4. You don't need a project manager, all you need is to engage in the various consultant/services required in such a development and let the experts do their jobs. So in something like this, you would need a draftsman/archi to come up with the plans, Surveyor for the land division, engineer for site drainage plans, soil report, footing construction report, footing inspections etc, builder who pretty much manages the construction side of things until handover, conveyancer for the land division and possibly someone to do your 6 star energy efficiency report (may not be a requirement where you are).

Hi Mamaof3,

Thanks for your great input.
2. Other than the census and suburb profile is there any other ways to find out these details?

3. So you recommend getting a town planner only when issues arise? e.g the council rejects the 6 units or request significant changes?

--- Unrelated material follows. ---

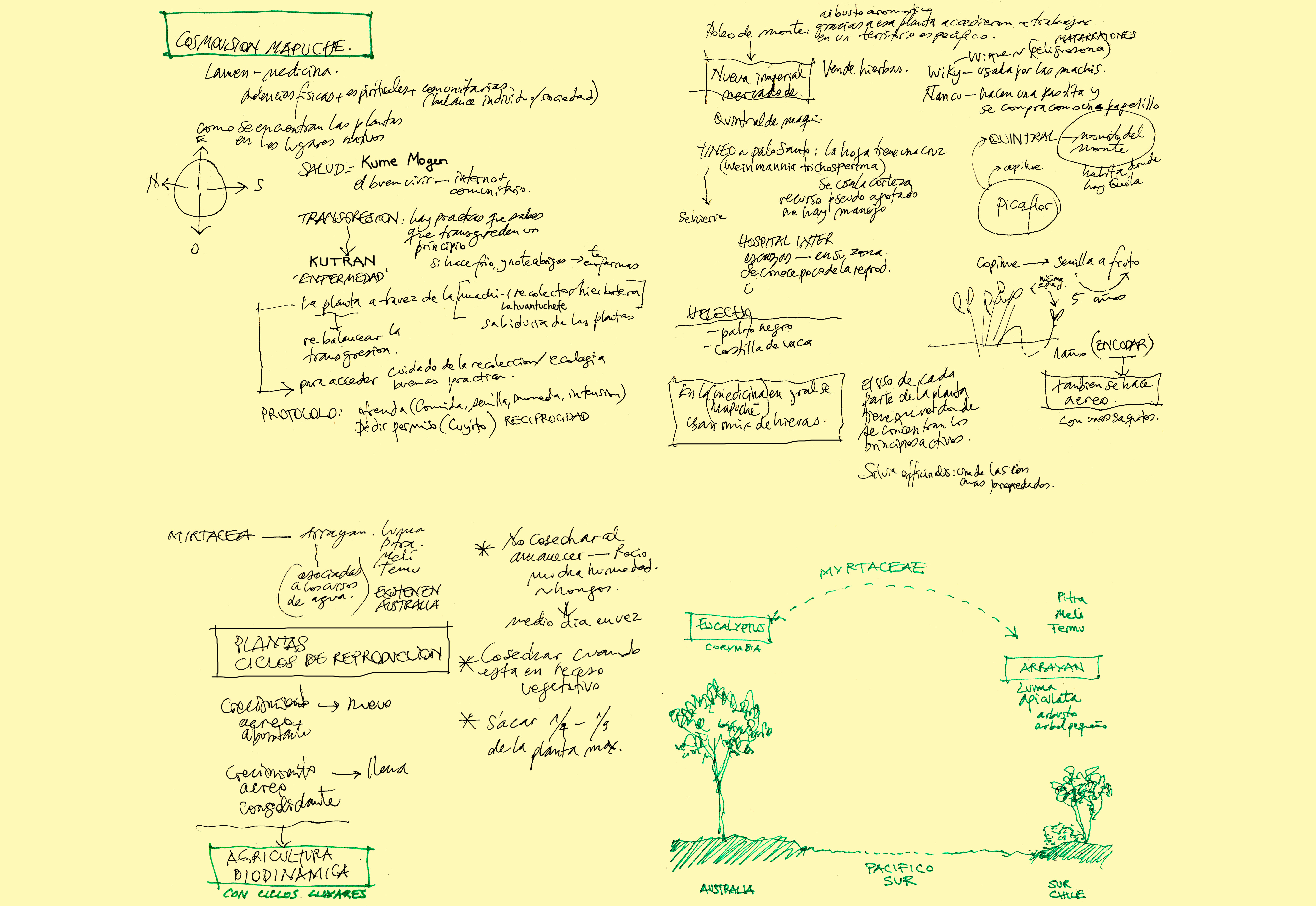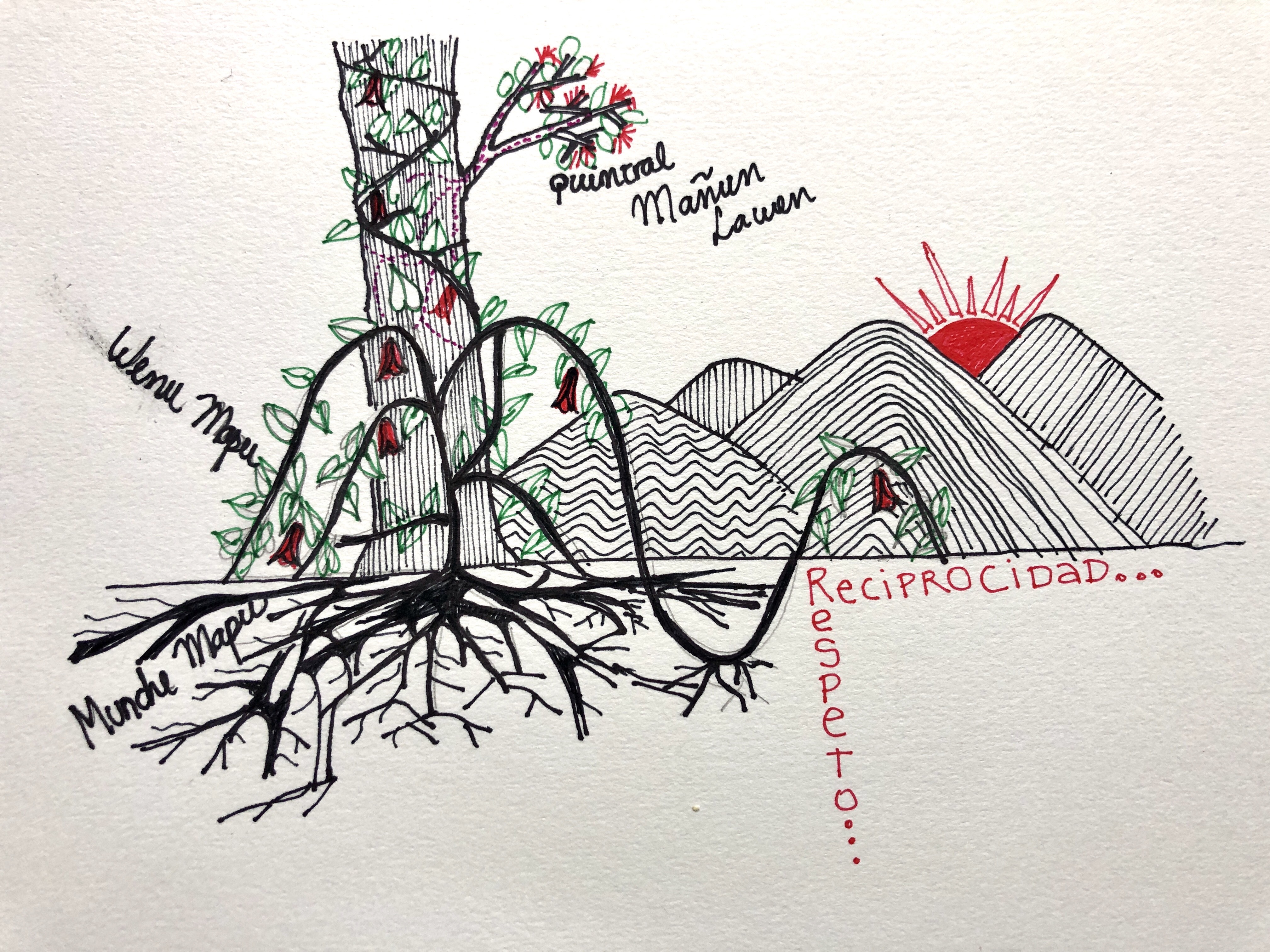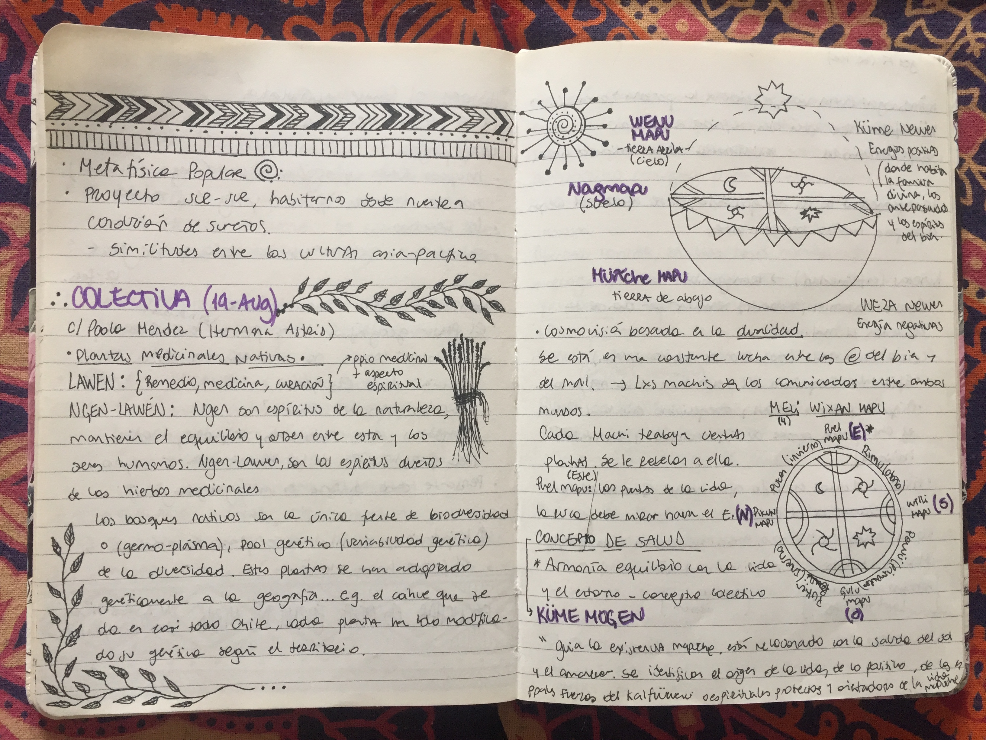 Comenzamos aprendiendo sobre la cosmovisión Mapuche, la cual se basa en la dualidad, una constante lucha entre las energías del bien (Küme newen) y del mal (Weza newen). Son lxs Machis lxs comunicadores entre ambos mundos. Cada machi trabaja ciertas plantas y estas le revelan conocimiento. También encontramos a lxs Lawentuchefe, que tienen conocimiento herbolario y su aplicación de éstas como medicina. Sin embargo, el trabajo de lxs Machis, a diferencia de Lawentuchefe, es a un nivel mágico, espiritual, reestrablececiendo el balance natural en una situación de transgresión con la comunidad, el territorio ao las emociones. En general han sido las mujeres las que han guardado y protegido los saberes de las plantas, la medicina y las practicas tradicionales.
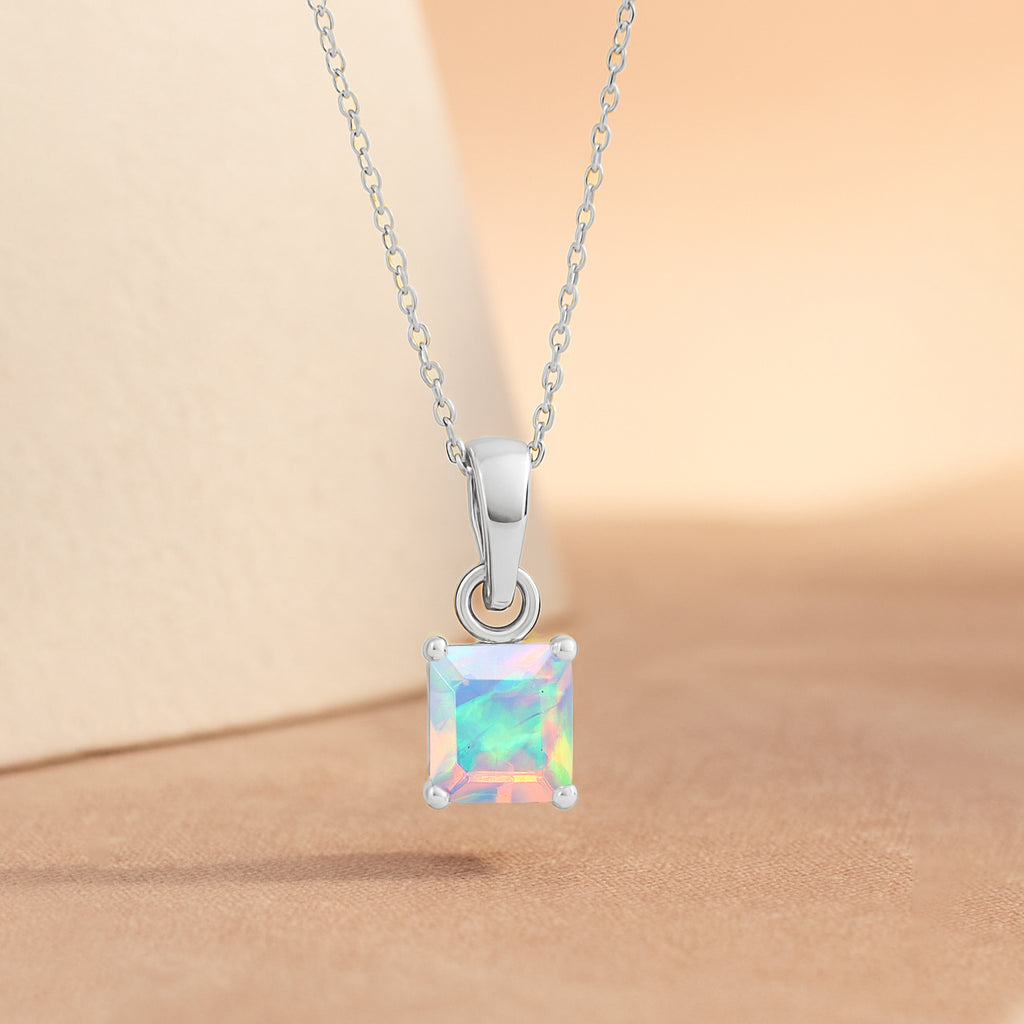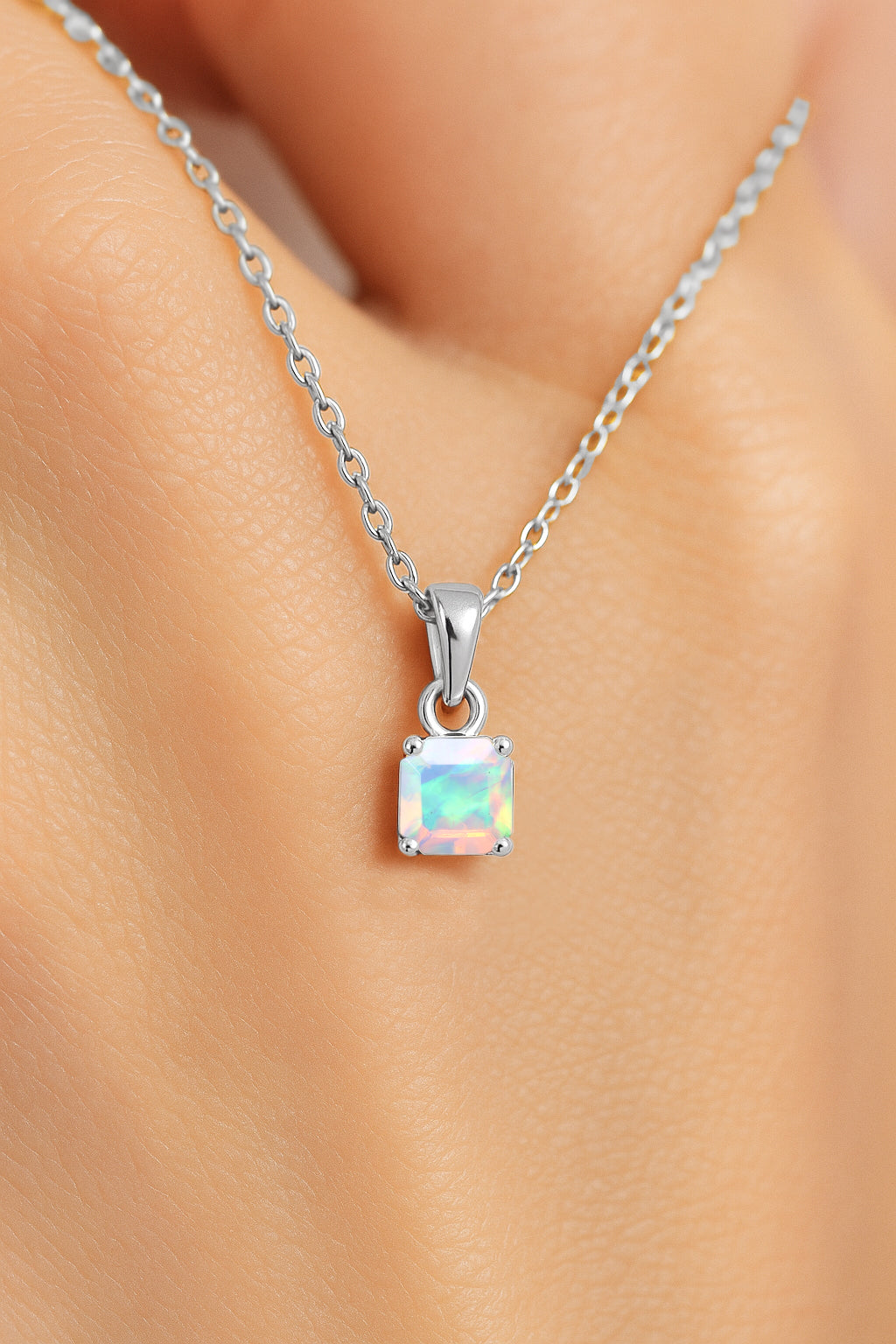 White OpalAdd refined elegance to your look with this White Opal Octagon Pendant Necklace, crafted in premium 925 sterling silver. The centerpiece features a striking 7 mm octagon-cut white opal weighing 1.20 carat, showcasing rich color and brilliant depth. The pendant measures 15.65×7.00 mm and is paired with a 16″ + 2″ cable chain for adjustable comfort. With an approximate weight of 1.50 g, this necklace offers a lightweight, luxurious finish perfect for both everyday wear and special occasions.

I can see the importance of having one especially considering its my first project. However it is not an insignificant costs and given my architect has a similar project approved i might get away with not having one?

4. I am definitely willing to manage the project myself and I understand the steps involved, but again being my first investment/project i dont want to make any stupid mistakes or overlook anything. Hopefully through my continuous research and from the advice given from the more experienced, i avoid any crippling mistakes.
 
I can't see the benefit in a town planner for you. Sounds like you have a gun architect who's been able to push the boundaries in the council that you're looking to deal with. What more do you expect to gain from employing a town planner? I think you're already past that stage, you have 5 as a back up and are pushing for 6.
 
I can't see the benefit in a town planner for you. Sounds like you have a gun architect who's been able to push the boundaries in the council that you're looking to deal with. What more do you expect to gain from employing a town planner? I think you're already past that stage, you have 5 as a back up and are pushing for 6.

Thanks Brady, I think I will be ok without one.